• Prompt: The required output is the exact run of lines in the listing below from the line holding "转债指数上涨。上周中证转债指" through the line holding "核心原则:模型的世界模型必须", with no pictures.

• Data in this exercise:
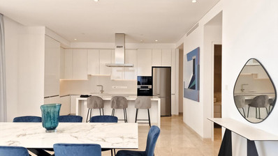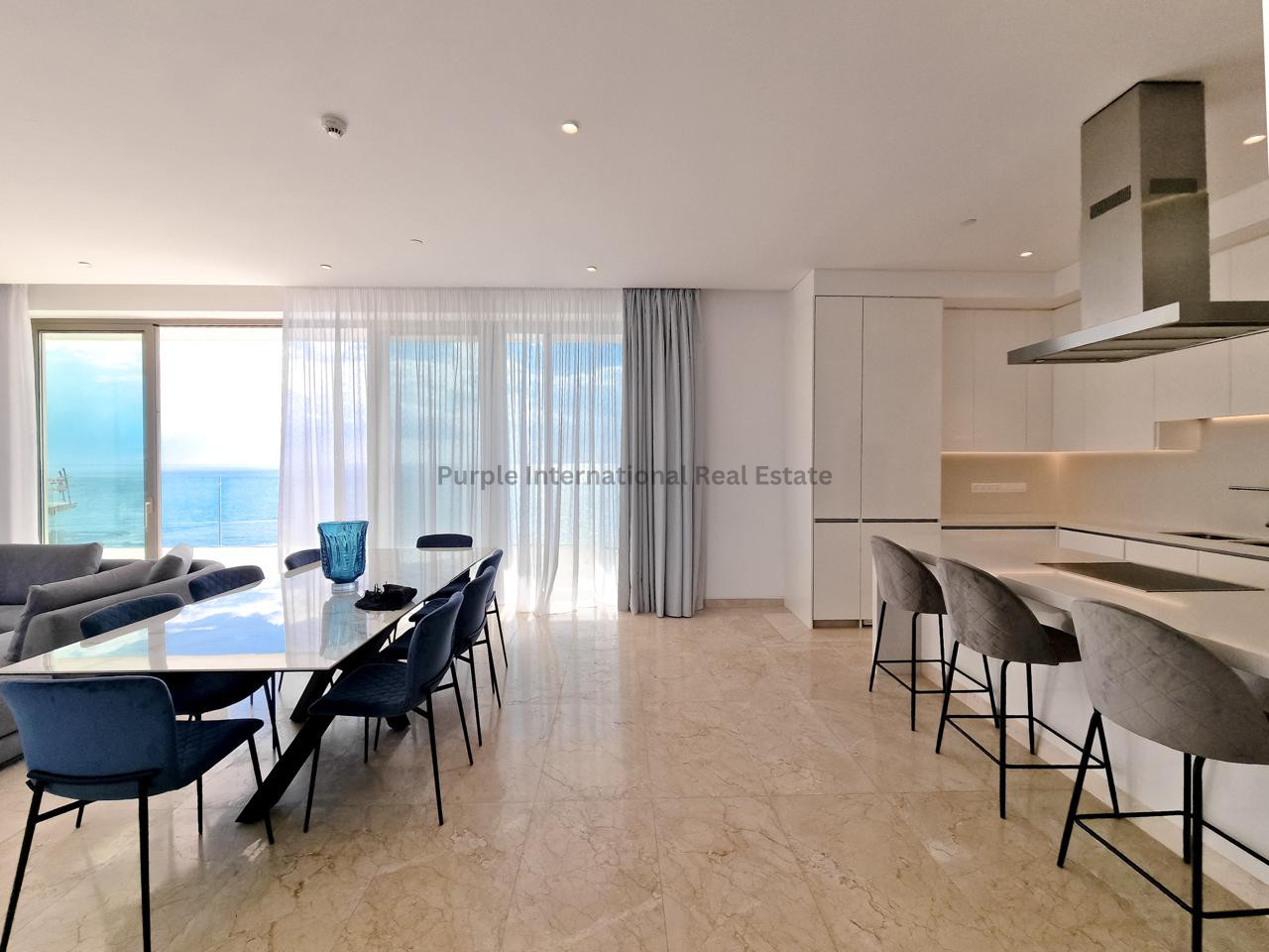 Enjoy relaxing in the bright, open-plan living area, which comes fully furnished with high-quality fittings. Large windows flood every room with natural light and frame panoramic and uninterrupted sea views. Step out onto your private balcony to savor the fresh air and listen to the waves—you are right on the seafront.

* * *

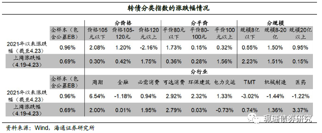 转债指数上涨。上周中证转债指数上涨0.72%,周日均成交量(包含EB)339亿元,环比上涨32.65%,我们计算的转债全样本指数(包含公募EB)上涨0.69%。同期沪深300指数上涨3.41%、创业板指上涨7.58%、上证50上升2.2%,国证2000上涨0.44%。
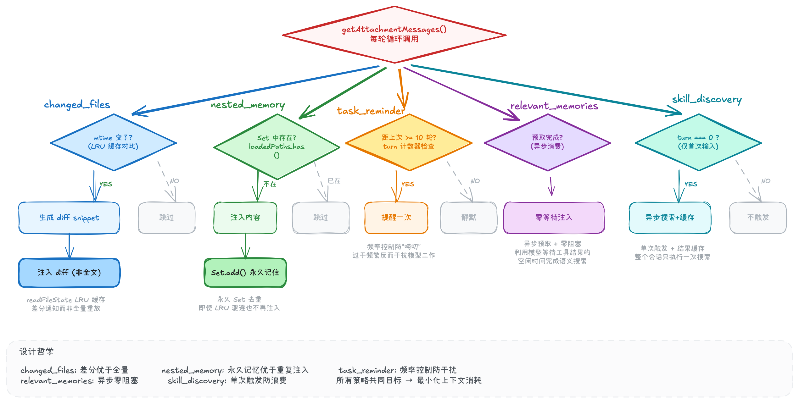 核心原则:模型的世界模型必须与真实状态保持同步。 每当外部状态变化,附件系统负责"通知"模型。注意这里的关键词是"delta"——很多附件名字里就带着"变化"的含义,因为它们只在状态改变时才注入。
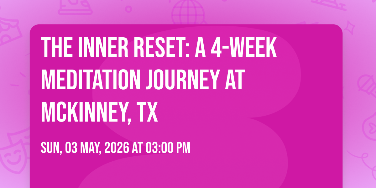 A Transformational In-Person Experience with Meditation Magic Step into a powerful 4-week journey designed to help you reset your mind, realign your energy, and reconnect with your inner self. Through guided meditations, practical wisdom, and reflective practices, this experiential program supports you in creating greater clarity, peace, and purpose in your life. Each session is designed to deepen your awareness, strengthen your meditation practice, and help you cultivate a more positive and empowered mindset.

• Exercise answer:
 转债指数上涨。上周中证转债指数上涨0.72%,周日均成交量(包含EB)339亿元,环比上涨32.65%,我们计算的转债全样本指数(包含公募EB)上涨0.69%。同期沪深300指数上涨3.41%、创业板指上涨7.58%、上证50上升2.2%,国证2000上涨0.44%。
 核心原则:模型的世界模型必须与真实状态保持同步。 每当外部状态变化,附件系统负责"通知"模型。注意这里的关键词是"delta"——很多附件名字里就带着"变化"的含义,因为它们只在状态改变时才注入。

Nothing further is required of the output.